打印全文
Tribunal Administrativo da Região Administrativa Especial de Macau
Recurso Contencioso Administrativo n.º 1062/13-ADM



*
Processo n.º:1062/13-ADM
*
SENTENÇA
*
  A, ora recorrente, melhor identificada nos autos, vem interpor o presente recurso contencioso da anulação do despacho sancionatório do Chefe do Departamento de Trânsito do Corpo de Polícia de Segurança Pública (CPSP), ora entidade recorrida, com o n.º XXXXXXXXX datado de 07 de Novembro de 2013, que determinou à recorrente o pagamento da multa no valor de MOP300.00 (trezentas patacas) por violação do art.º 48.º, n.º 1, alínea 2) da Lei n.º 3/2007, Lei do Trânsito Rodoviário (LTR), pedindo a anulação do despacho por violação da lei por erro sobre os pressupostos de facto e de direito e do princípio da proporcionalidade.
*
  Regularmente citado, a Entidade Recorrida veio contestar, defendendo a legalidade do acto recorrido e propugnando pela improcedência do presente recurso.
*
  Foi junto aos autos elementos sobre a largura da faixa de rodagem da Rua de Sai On, na Taipa e a demarcação das linhas contínuas junto das bermas, solicitado à Direcção dos Serviços para os Assuntos de Tráfego e ao Instituto para os Assuntos Cívicos e Municipais (vide fls. 65 a fls. 68).
*
  Devidamente notificadas, apenas a Recorrente apresentou alegações facultativas.
*
  O Digno Magistrado do Ministério Público junto deste Tribunal emitiu parecer no sentido da procedência do invocado vício de violação da lei, por erro nos pressupostos de facto, devendo assim ser dado provimento ao presente recurso contencioso.
*
  O Tribunal é competente em razão da matéria e hierarquia.
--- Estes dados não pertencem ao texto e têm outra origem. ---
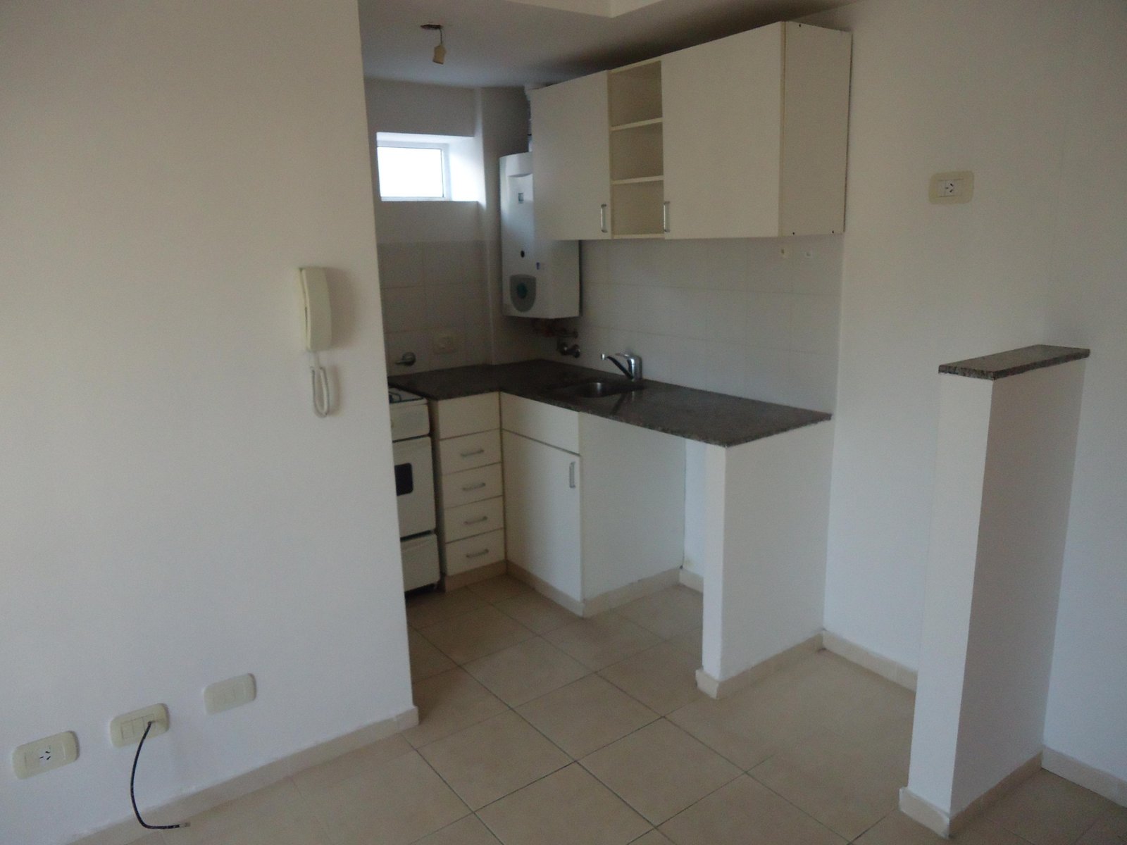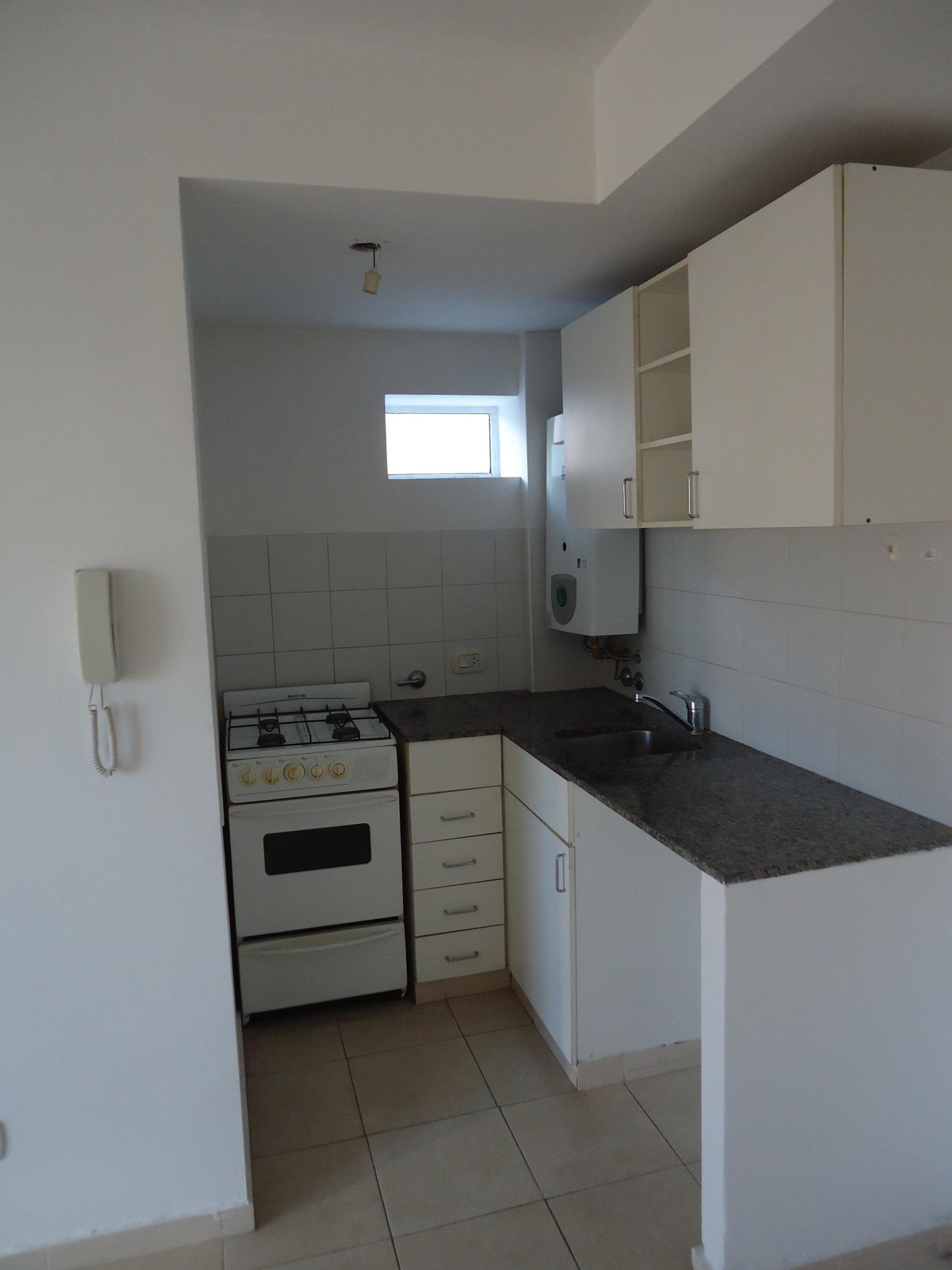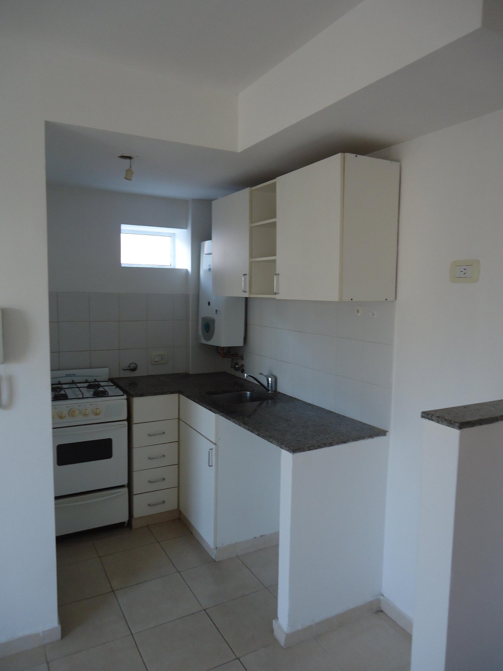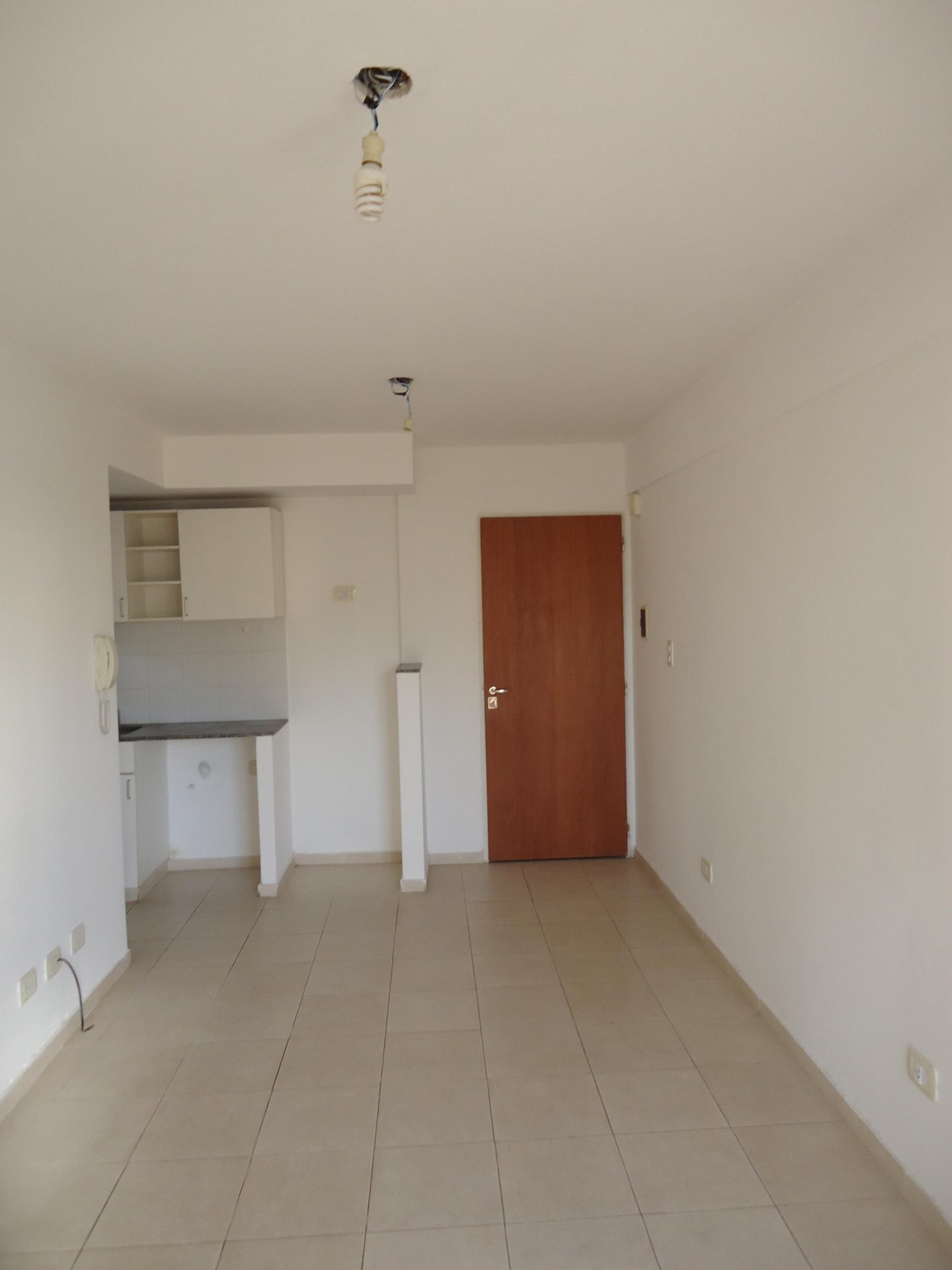 Depto externo con balcón, living con la cocina integrada, dormitorio con placard y baño completo.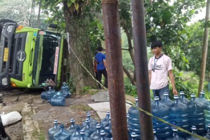 Akibat Sopir Mengantuk,Truk Bermuatan Galon Alami Kecelakaan Di Pandeglang

  O Processo é próprio e não há nulidades.
  A recorrente e a entidade recorrida dispõem de personalidade e capacidade judiciárias e são partes legítimas.
  Não há nulidades, excepções dilatórias e questões prévias de que cumpre conhecer e que obstam ao conhecimento do mérito da causa.
***
I. Factos
  Dos autos e do P.A. anexo resulta a seguinte factualidade pertinente:
  A Recorrente é proprietária do veículo automóvel ligeiro de passageiros, com a matrícula MO-XX-XX.
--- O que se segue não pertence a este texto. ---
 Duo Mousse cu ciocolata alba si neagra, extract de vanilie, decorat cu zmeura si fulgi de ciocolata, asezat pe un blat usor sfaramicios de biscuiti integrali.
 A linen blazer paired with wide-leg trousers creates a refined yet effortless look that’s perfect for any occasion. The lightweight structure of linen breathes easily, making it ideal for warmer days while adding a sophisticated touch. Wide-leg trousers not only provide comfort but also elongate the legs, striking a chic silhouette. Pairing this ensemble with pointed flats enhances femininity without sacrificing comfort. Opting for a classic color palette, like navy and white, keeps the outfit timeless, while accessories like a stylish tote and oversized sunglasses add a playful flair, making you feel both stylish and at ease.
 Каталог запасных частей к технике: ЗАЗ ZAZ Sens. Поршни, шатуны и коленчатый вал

  No dia 20 de Setembro de 2013 pelas 22H24, o veículo acima mencionada encontrava-se estacionado na faixa de rodagem da Rua de Sai On, na Taipa, e por causa desta a recorrente foi acusada pela violação do estipulado no art.º 48.º, n.º 1, alínea 2) da LTR, por estacionamento de forma a impedir a circulação de outros veículos (vide folha única do P.A. e fls. 22 dos autos).
  Na mesma data, não existia linha longitudinal amarela contínua junto da berma do local do incidente (vide fls. 23 dos autos).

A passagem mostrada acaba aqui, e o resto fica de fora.